Your assignment: All lines from the one holding "Kit rosone cilindrico" to the end of the listing are to be output exactly, both ends included, with any pictures left out.

Data provided:

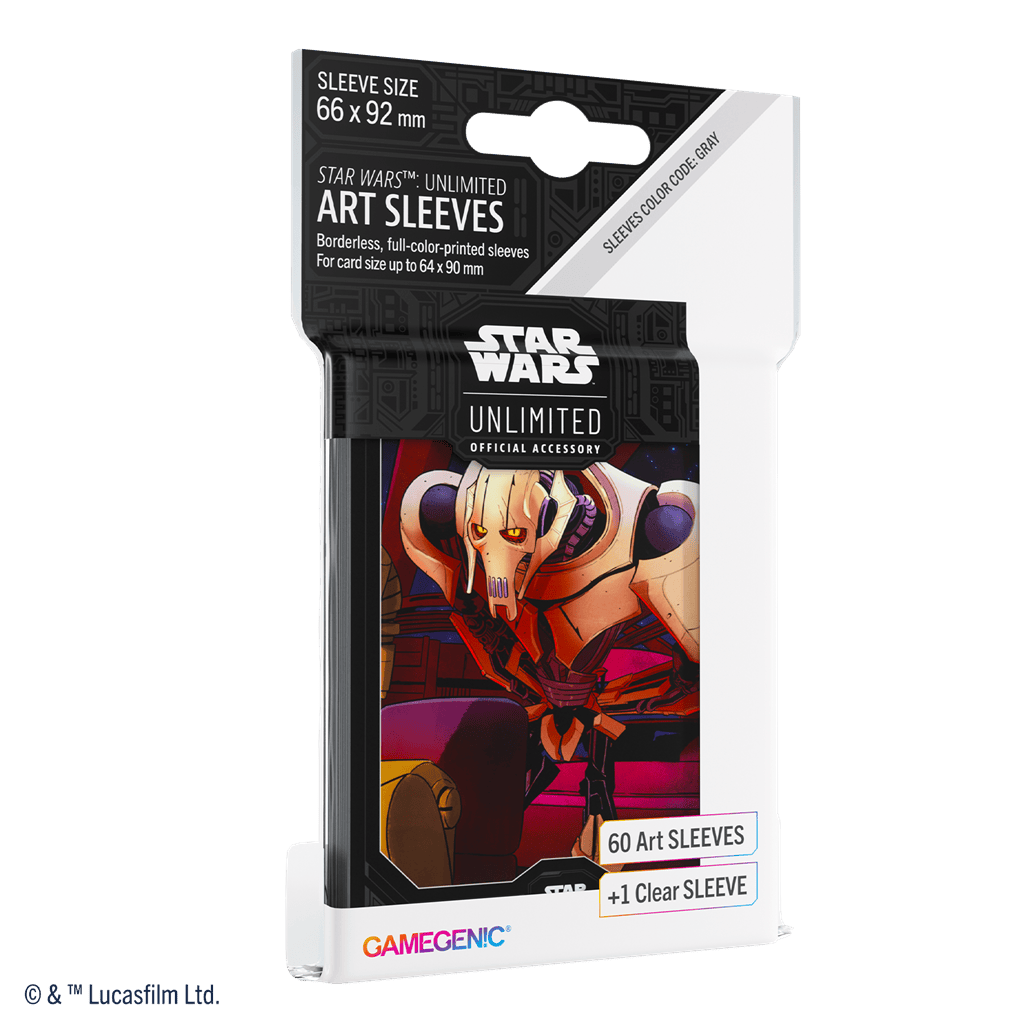 Gracias a su reverso de textura mate y su anverso transparente, estas fundas ofrecen un manejo cómodo y una visualización clara de las ilustraciones de tus cartas, permitiendo un barajado suave y sin interrupciones. Diseñadas para Star Wars™: Unlimited, estas fundas son también compatibles con otros LCGs y juegos de cartas coleccionables, asegurando la máxima protección para tus mazos en cada enfrentamiento. ¡Que tus enemigos sientan la misma amenaza que infunde el General Grievous en cada movimiento!
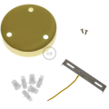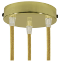 Kit rosone cilindrico in metallo a 3 fori, finitura ottone, pensato per realizzare una sospensione multipla ordinata e pulita a soffitto. La piastra consente di far scendere tre cavi in modo separato, creando un punto luce scenografico e ben bilanciato; ideale per tavoli, isole cucina, ingressi e ambienti contract dove si cerca un dettaglio tecnico ma anche decorativo.
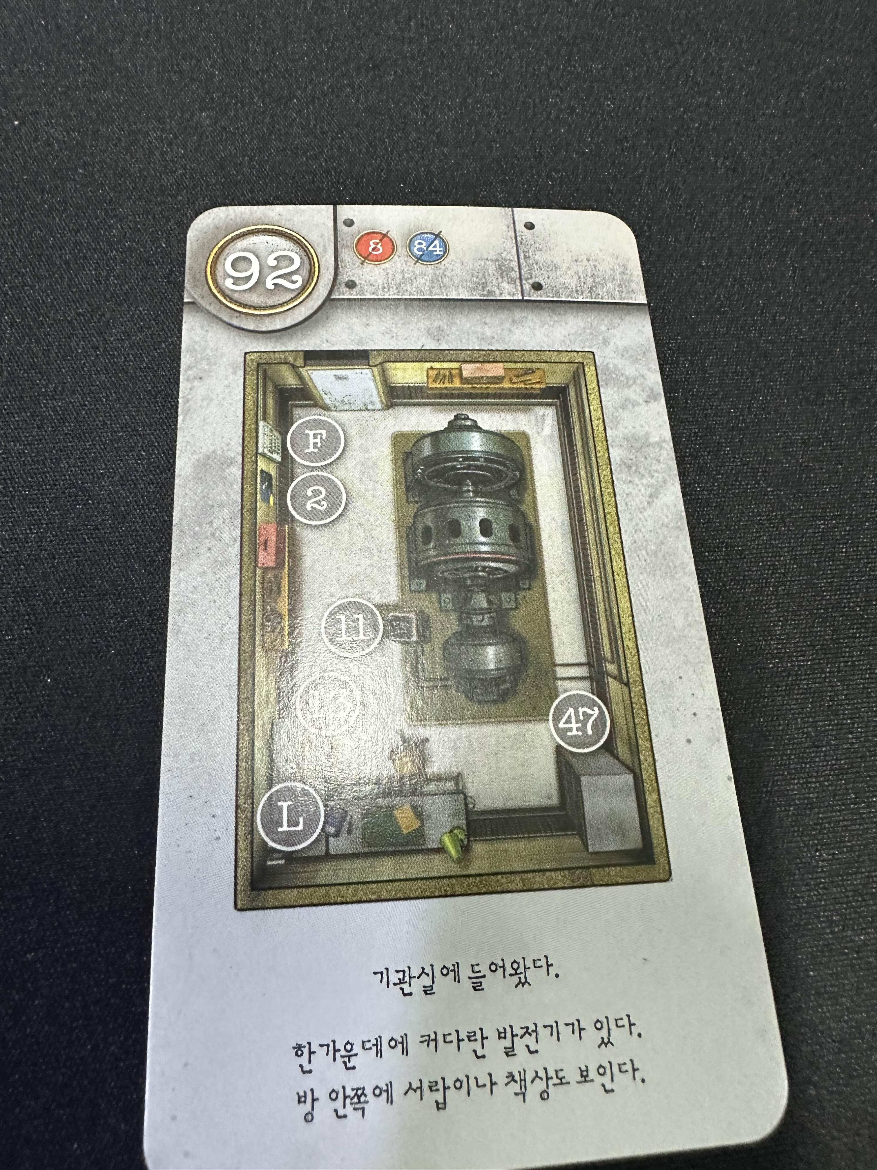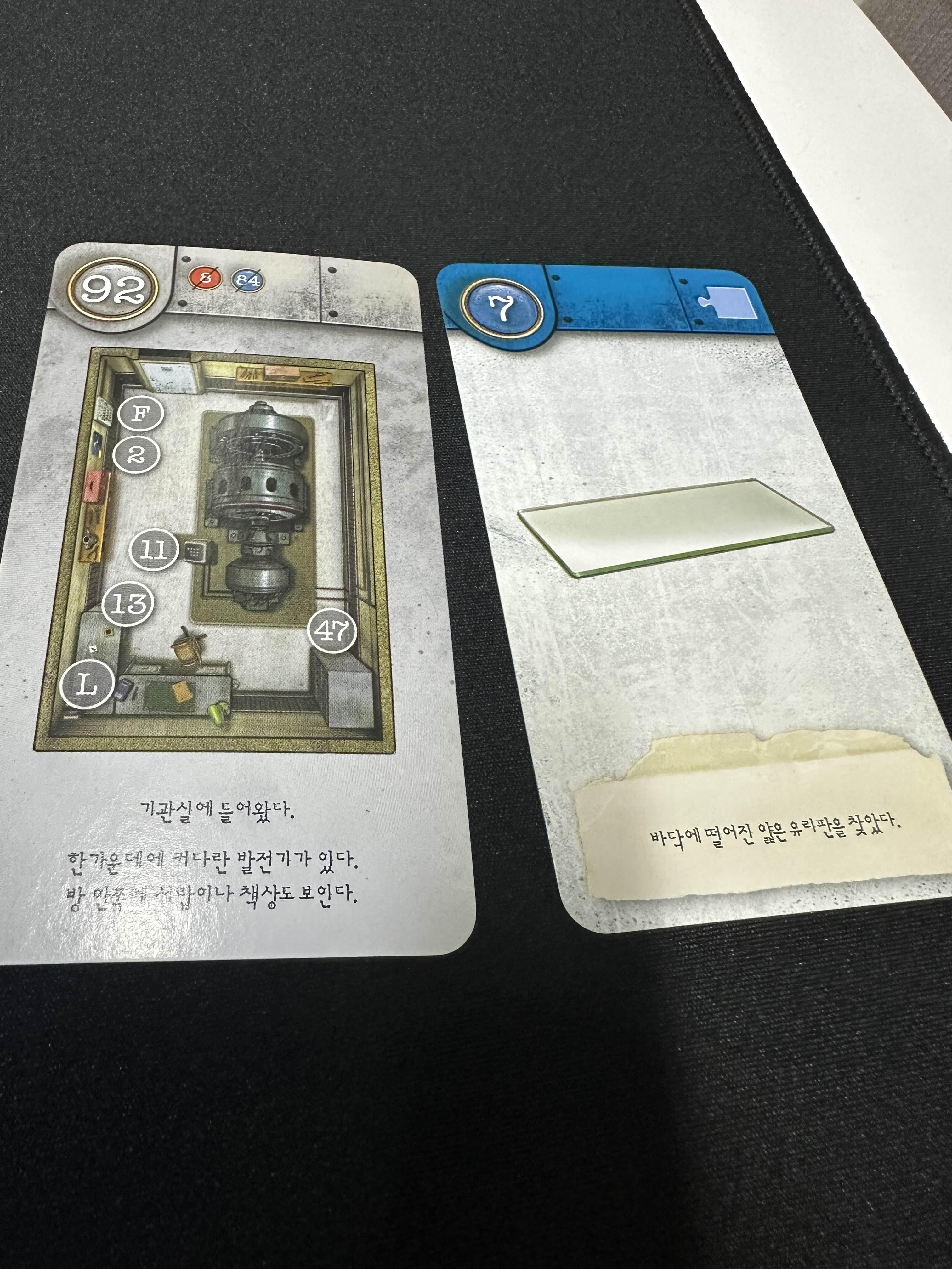 92번 카드를 잘 보면 기관실 오른쪽 위의 7이라고 적혀있다. 7번 카드를 뒤집으면 유리판이 있다.
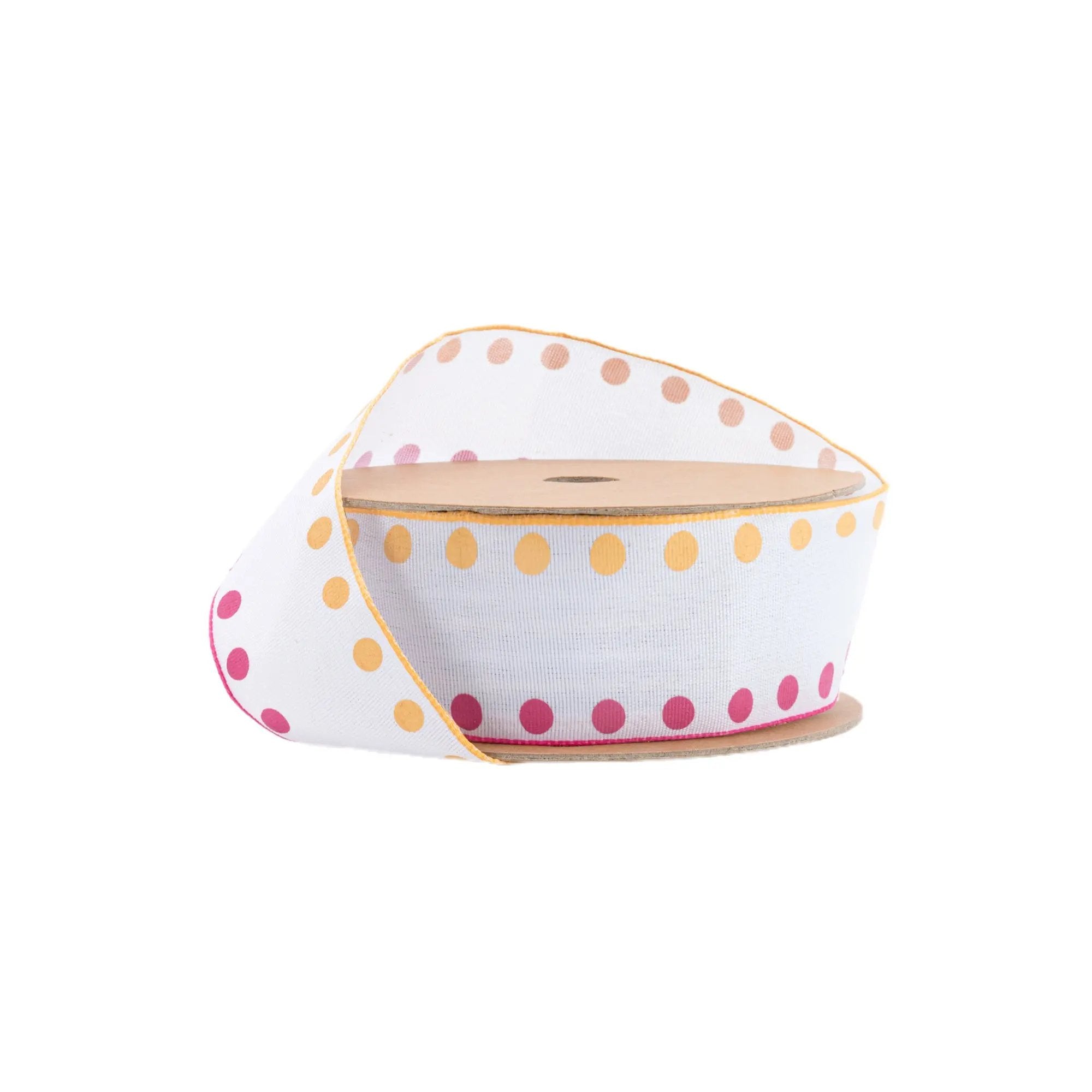 • Playful Design: This 1 1/2" wired ribbon features a fun candy dot pattern in hot pink and orange on a crisp white background, perfect for lively decorations.

Reply to the task:
 Kit rosone cilindrico in metallo a 3 fori, finitura ottone, pensato per realizzare una sospensione multipla ordinata e pulita a soffitto. La piastra consente di far scendere tre cavi in modo separato, creando un punto luce scenografico e ben bilanciato; ideale per tavoli, isole cucina, ingressi e ambienti contract dove si cerca un dettaglio tecnico ma anche decorativo.
 92번 카드를 잘 보면 기관실 오른쪽 위의 7이라고 적혀있다. 7번 카드를 뒤집으면 유리판이 있다.
 • Playful Design: This 1 1/2" wired ribbon features a fun candy dot pattern in hot pink and orange on a crisp white background, perfect for lively decorations.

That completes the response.